2. Lack of Randomization: Although the study provides valuable data on retreatment outcomes, the absence of a randomized controlled trial (RCT) design necessitates cautious interpretation of the results. Randomization would eliminate bias and provide stronger evidence for the efficacy of R-CHOP-like therapy as a retreatment strategy.
3. Toxicity and Treatment Discontinuation: The fact that 36% of patients discontinued treatment due to toxicity or intolerance underscores the importance of addressing treatment-related adverse effects, particularly for elderly or comorbid patients. Future research should focus on identifying predictors of intolerance and developing methods to mitigate adverse effects in vulnerable populations.
4. Limited Follow-Up Duration: The study’s median follow-up of 29 months does not provide sufficient data on the durability of remission or long-term overall survival (OS). Longer follow-up is essential to determine whether the benefits of R-CHOP-like therapy persist over time, especially for older patients who may face long-term complications.

Final Thoughts

This study demonstrates that R-CHOP-like therapy can be an effective retreatment strategy for late-relapsed DLBCL patients, even those previously treated with R-CHOP. It holds particular promise for elderly or comorbid patients who cannot tolerate more aggressive therapies. However, the retrospective nature of the study limits the ability to draw definitive conclusions, underscoring the need for prospective trials to validate these findings.

About Dr. Jun Shi

Dr. Jun Shi is the Director of the Hematology Department at the Ninth People’s Hospital, Shanghai Jiao Tong University School of Medicine. A distinguished hematologist with a doctoral degree from Japan, Professor Shi is a chief physician and doctoral advisor. He serves as Vice President of the Shanghai Medical Association’s Internal Medicine and Hematology branches and as Deputy Chair of the Shanghai Association of Integrative Medicine’s Hematology Committee.

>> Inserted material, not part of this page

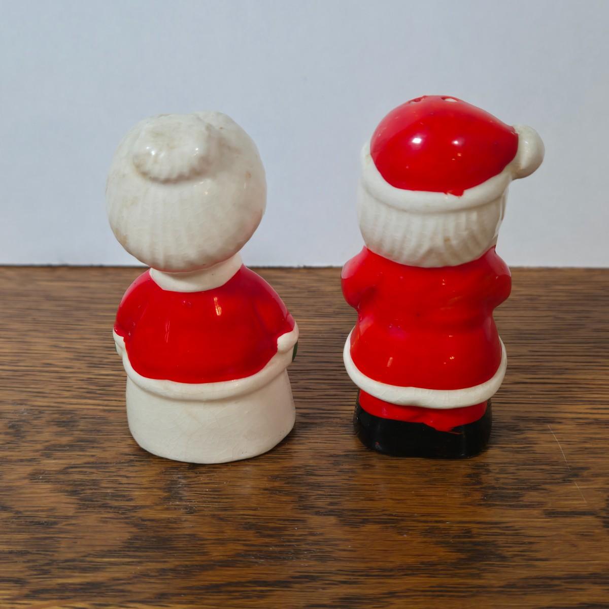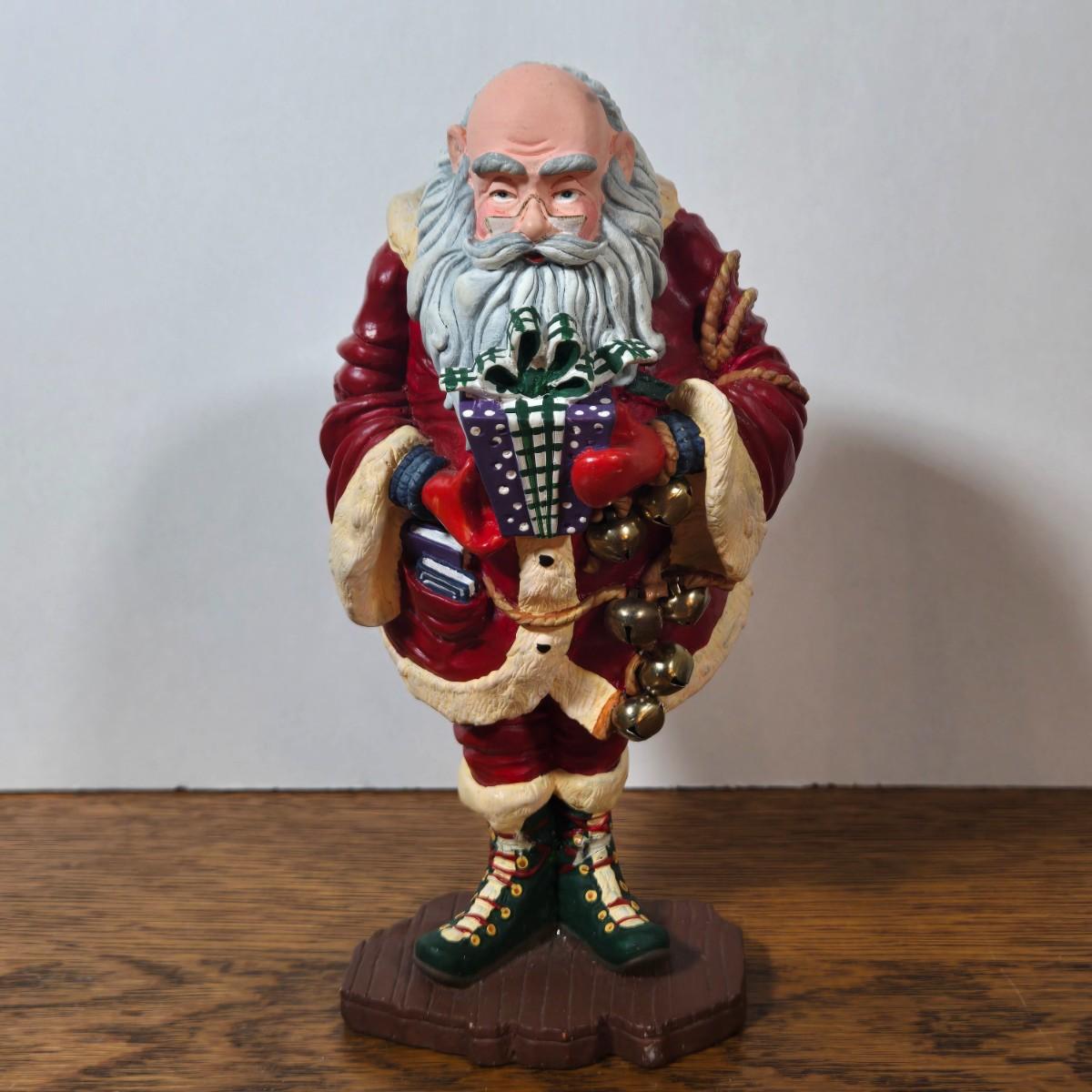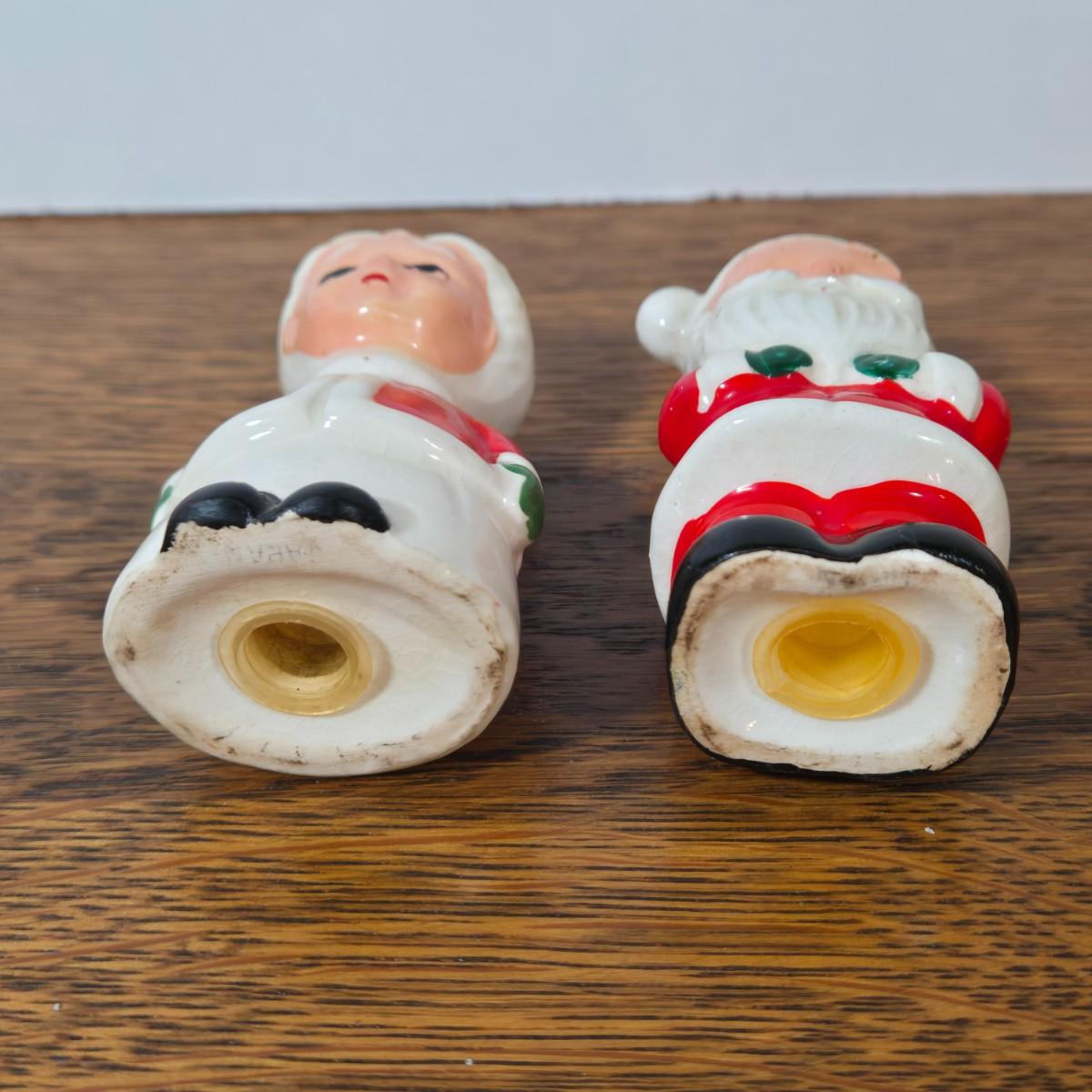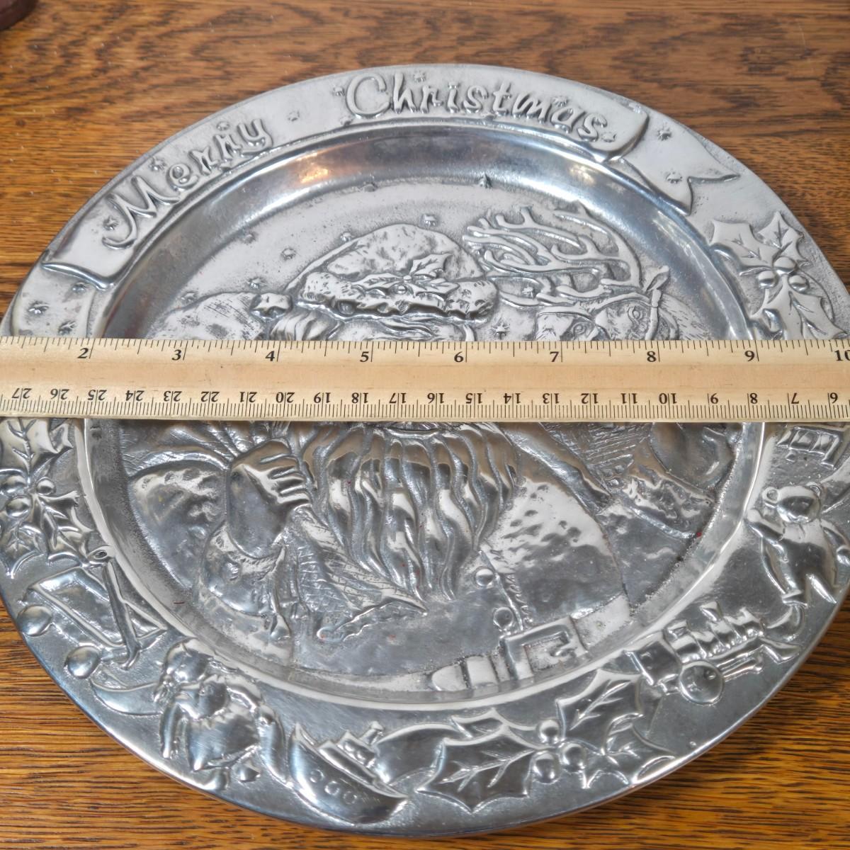 LOT 34L: Metal Christmas Plate, Santa with Baby Jesus, Dept. 56 Christmas Tree & Jolly Old Elf, Santa Workshop Figurine, Mr. & Mrs. Clause Salt & Pepper Shakers, and Vintage Santa Nesting Dolls

Professor Shi’s clinical expertise lies in the diagnosis and treatment of malignant lymphomas and hematopoietic stem cell transplantation. His primary research focuses on the tumor microenvironment in malignant hematologic diseases. He has led multiple national and provincial research projects, with articles published in prestigious journals such as Cancer Cell, Science Advances, and Haematologica.